Please copy out the entries exactly, skipping any pictures.
***** Input *****
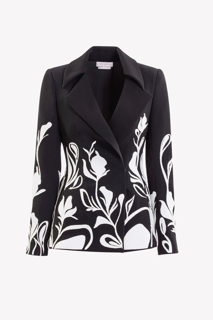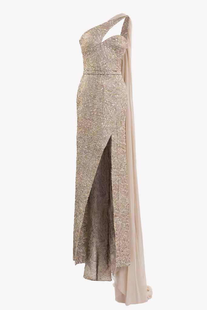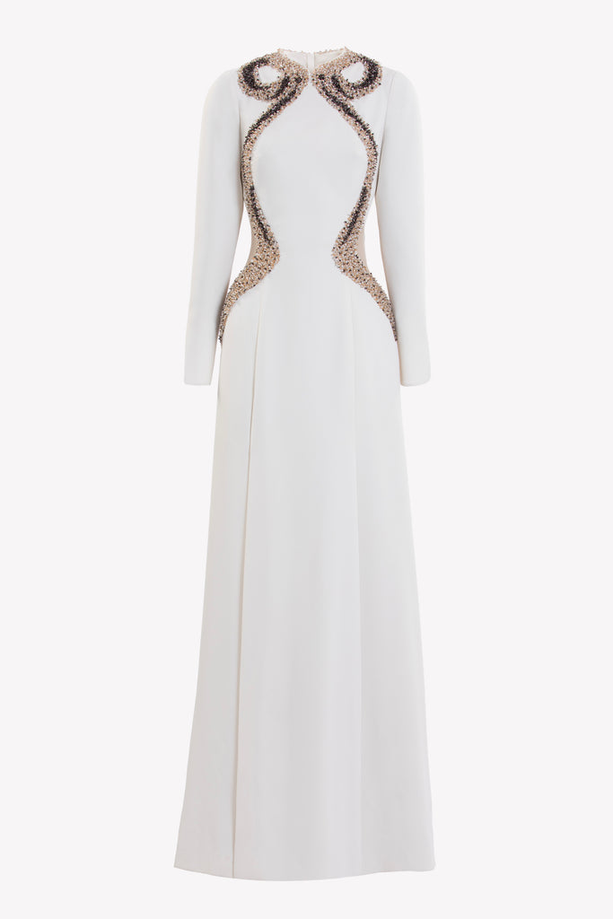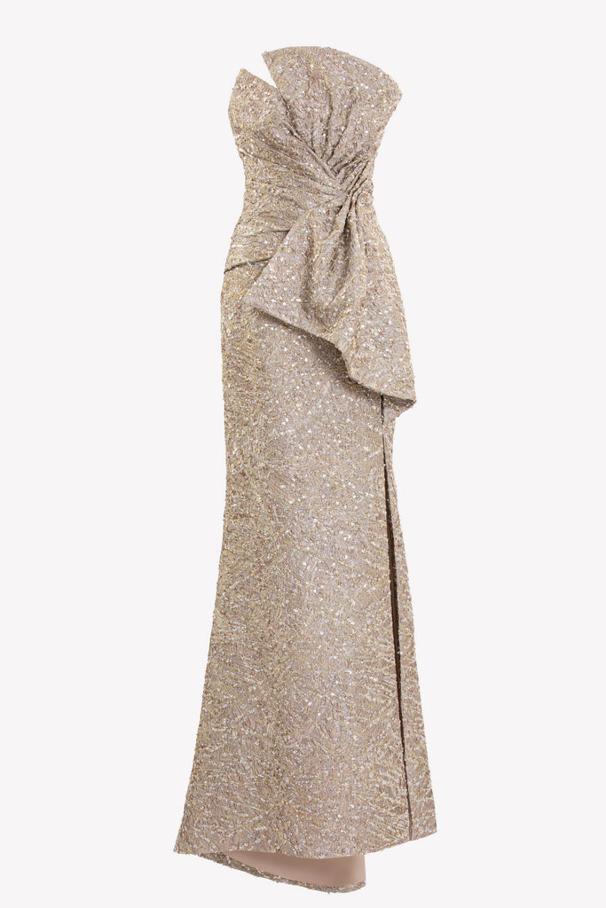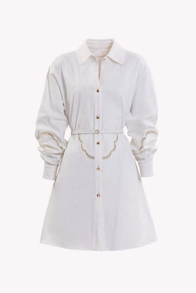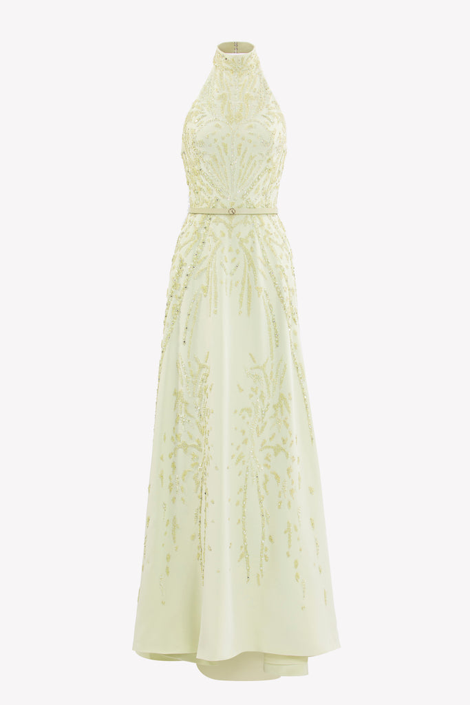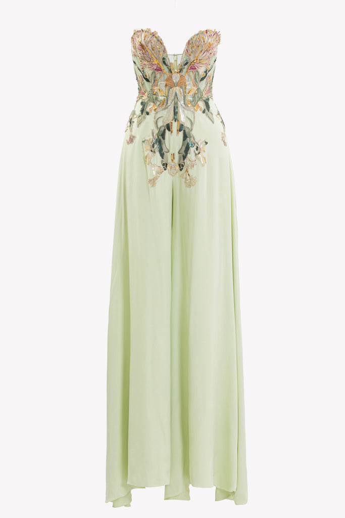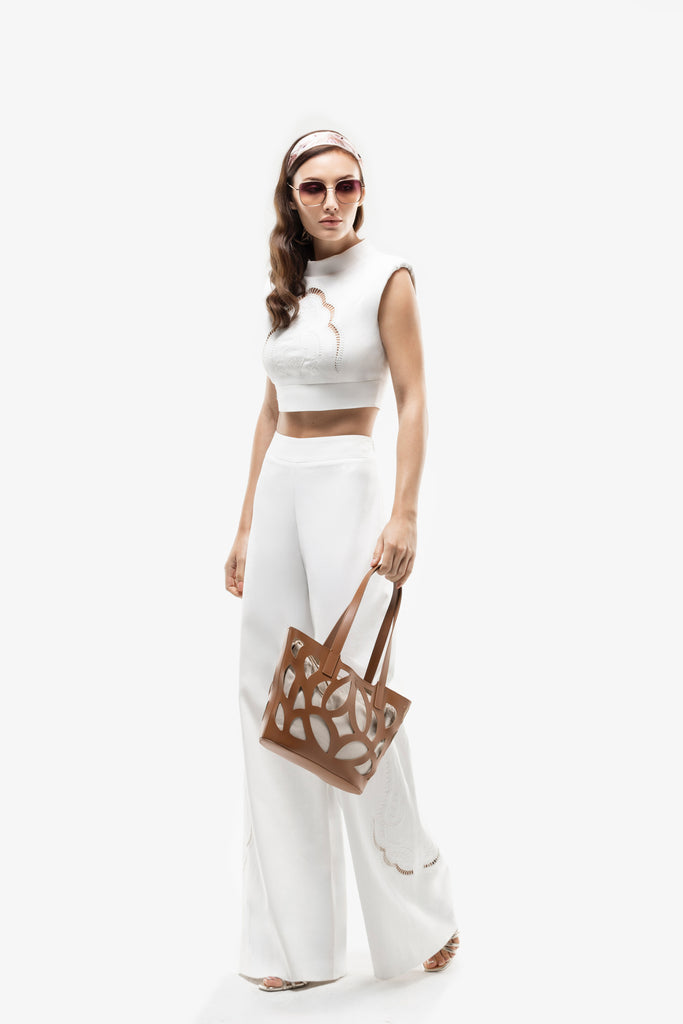 جمبسوت من الجاكار العاجي بدون أكمام بياقة قائمة وأزرار أمامية بأزرار من الأمام، ويتميز بقصّة ضيقة وشورت بطيات منظمة وجيوب جانبية وطول متوسط الفخذ.
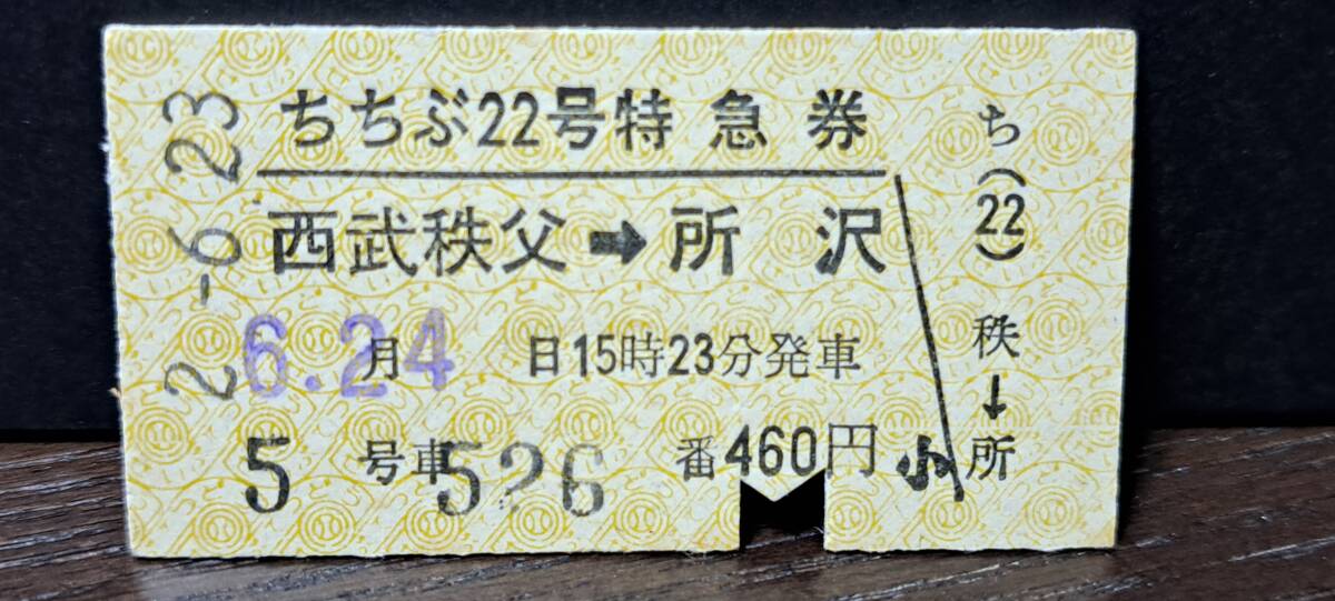 A (S)【即決】西武鉄道ちちぶ22号 西武秩父→所沢(西武秩父発行) 1729
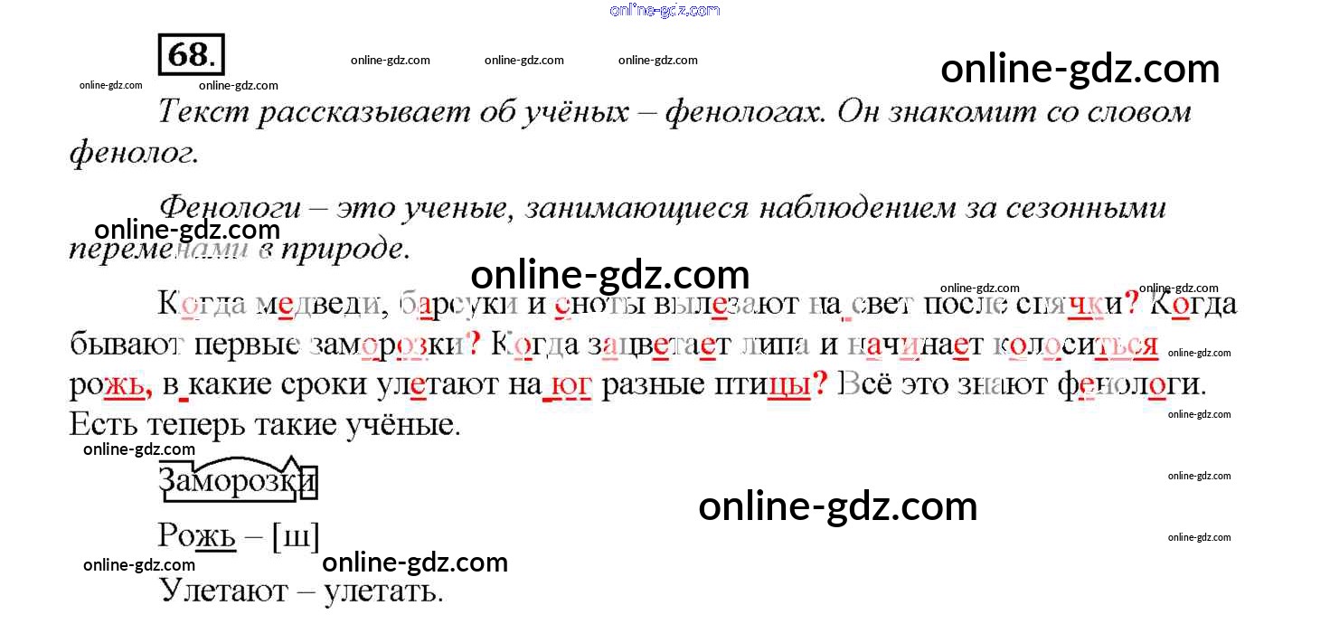Готовые домашние задания по Русскому языку за 4 класс Учебник Соловейчик, Кузьменко Гармония 2015 - Часть 1. Упражнения 68
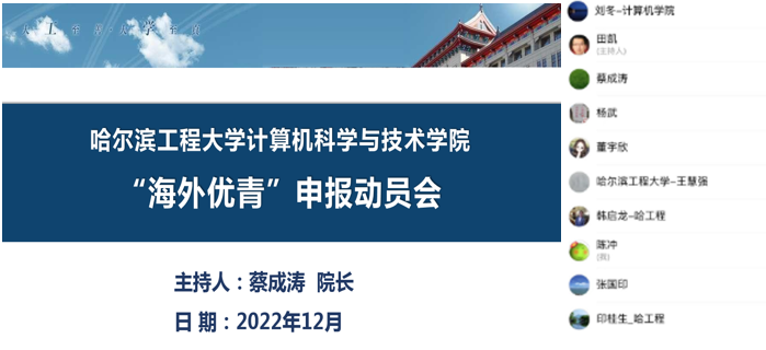 为全面贯彻习近平总书记关于做好新时代人才工作的重要思想,落实学校 《人才队伍高质量发展三年行动方案》,深入推进新时代人才强校战略,全力做好下一年度国家自然科学基金优秀青年科学基金项目(海外)(以下简称“海外优青”)国家级人才项目申报工作,12月10日,计算机学院召开2023年度海外优青国家级人才项目申报工作线上动员会。党委书记刘冬,副院长田凯、董宇欣,院学术分委员会主任杨武,高岗教授代表印桂生、韩启龙、王慧强、张国印,各中心党支部书记及学院全体海外学缘教师参加会议。蔡成涛院长主持会议。
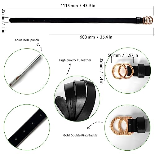 2 Pack Women Leather Belt Waist Belts For Jeans Dress womens leather O Ring belt 6
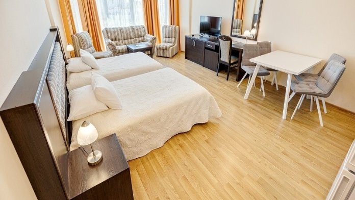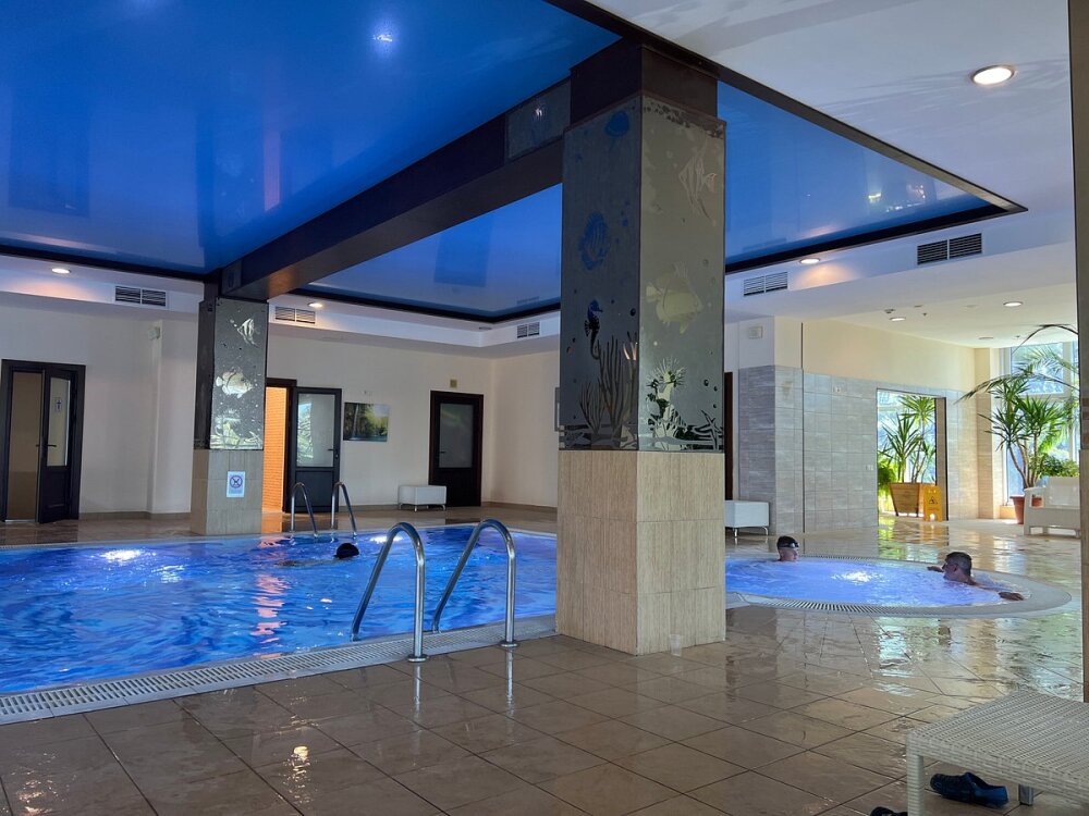 - современный банно-бассейный комплекс: комплекс «Аквамарин» - бесплатно: (современный бассейн с детской зоной и джакузи, оснащенный водными аттракционами и гидромассажем, 4 вида бань и саун: финскую, русскую, турецкую (хамам) и римскую. Комплекс «АкваДелюкс» - 10 разновидностей саун и бань, 7 купелей, просторный бассейн с солёной водой 25 м в длину, площадью 300 м2, детский бассейн, большая соляная пещера.
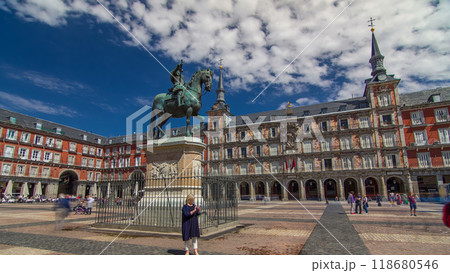 Statue of Philip III timelapse hyperlapse at Mayor plaza in Madrid in a beautiful summer day, Spain
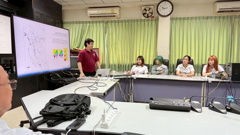 วันที่ 4 กันยายน 2568 นักศึกษาจากคณะวิศวกรรมศาสตร์ จุฬาลงกรณ์มหาวิทยาลัย จำนวน 27 คน เข้าศึกษาดูงานที่กองเฝ้าระวังแผ่นดินไหว โดยมี นายสัณฑวัฒน์ สุขรังษี ผู้อำนวยการส่วนวิจัยและพัฒนาแผ่นดินไหวและสึนามิ บรรยายความรู้ด้านแผ่นดินไหวและสึนามิ และการปฏิบัติงานของกองเฝ้าระวังแผ่นดินไหว
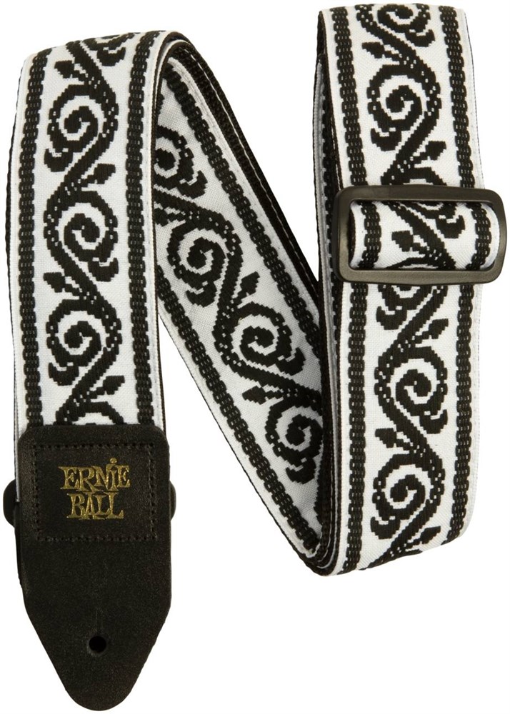 ERNIE BALL 5342 - гитарный ремень Black Vine Jacquard, полипропилен, кожаные нашивки
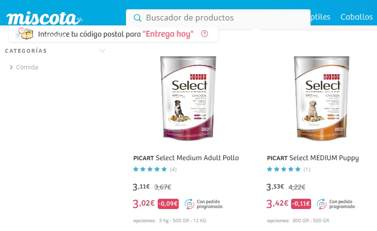 A la hora de comprar pienso Picart podremos encontrarlo en tiendas físicas y por supuesto en varias tiendas Online. La tienda OnLine que mayor surtido tiene y que mejores precios nos ofrece es Miscota. Os dejo aquí un enlace directo: www.miscota.es/perros/picart
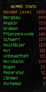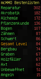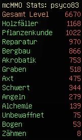Mit /mcstats werden am rechten Bildschirmrand alle Skills (außer Schmelzen) zum aktuellen Zeitpunkt aufgelistet, mit /mcrank siehst du dein aktuelles Ranking in den jeweiligen Skills und mit /mctop <Skill> <Seite> kannst du die Toplisten einsehen, wahlweise eines speziellen Skills oder einer anderen Seite als nur die Seite 1 (Platz 1-10). Wenn du den Skill weglässt, wird das höchste Powerlevel angezeigt – dieses berechnet sich aus der Summe aller Skills.
*****
#### Your response:
 جمبسوت من الجاكار العاجي بدون أكمام بياقة قائمة وأزرار أمامية بأزرار من الأمام، ويتميز بقصّة ضيقة وشورت بطيات منظمة وجيوب جانبية وطول متوسط الفخذ.
 A (S)【即決】西武鉄道ちちぶ22号 西武秩父→所沢(西武秩父発行) 1729
Готовые домашние задания по Русскому языку за 4 класс Учебник Соловейчик, Кузьменко Гармония 2015 - Часть 1. Упражнения 68
 为全面贯彻习近平总书记关于做好新时代人才工作的重要思想,落实学校 《人才队伍高质量发展三年行动方案》,深入推进新时代人才强校战略,全力做好下一年度国家自然科学基金优秀青年科学基金项目(海外)(以下简称“海外优青”)国家级人才项目申报工作,12月10日,计算机学院召开2023年度海外优青国家级人才项目申报工作线上动员会。党委书记刘冬,副院长田凯、董宇欣,院学术分委员会主任杨武,高岗教授代表印桂生、韩启龙、王慧强、张国印,各中心党支部书记及学院全体海外学缘教师参加会议。蔡成涛院长主持会议。
 2 Pack Women Leather Belt Waist Belts For Jeans Dress womens leather O Ring belt 6
 - современный банно-бассейный комплекс: комплекс «Аквамарин» - бесплатно: (современный бассейн с детской зоной и джакузи, оснащенный водными аттракционами и гидромассажем, 4 вида бань и саун: финскую, русскую, турецкую (хамам) и римскую. Комплекс «АкваДелюкс» - 10 разновидностей саун и бань, 7 купелей, просторный бассейн с солёной водой 25 м в длину, площадью 300 м2, детский бассейн, большая соляная пещера.
 Statue of Philip III timelapse hyperlapse at Mayor plaza in Madrid in a beautiful summer day, Spain
 วันที่ 4 กันยายน 2568 นักศึกษาจากคณะวิศวกรรมศาสตร์ จุฬาลงกรณ์มหาวิทยาลัย จำนวน 27 คน เข้าศึกษาดูงานที่กองเฝ้าระวังแผ่นดินไหว โดยมี นายสัณฑวัฒน์ สุขรังษี ผู้อำนวยการส่วนวิจัยและพัฒนาแผ่นดินไหวและสึนามิ บรรยายความรู้ด้านแผ่นดินไหวและสึนามิ และการปฏิบัติงานของกองเฝ้าระวังแผ่นดินไหว
 ERNIE BALL 5342 - гитарный ремень Black Vine Jacquard, полипропилен, кожаные нашивки
 A la hora de comprar pienso Picart podremos encontrarlo en tiendas físicas y por supuesto en varias tiendas Online. La tienda OnLine que mayor surtido tiene y que mejores precios nos ofrece es Miscota. Os dejo aquí un enlace directo: www.miscota.es/perros/picart
Mit /mcstats werden am rechten Bildschirmrand alle Skills (außer Schmelzen) zum aktuellen Zeitpunkt aufgelistet, mit /mcrank siehst du dein aktuelles Ranking in den jeweiligen Skills und mit /mctop <Skill> <Seite> kannst du die Toplisten einsehen, wahlweise eines speziellen Skills oder einer anderen Seite als nur die Seite 1 (Platz 1-10). Wenn du den Skill weglässt, wird das höchste Powerlevel angezeigt – dieses berechnet sich aus der Summe aller Skills.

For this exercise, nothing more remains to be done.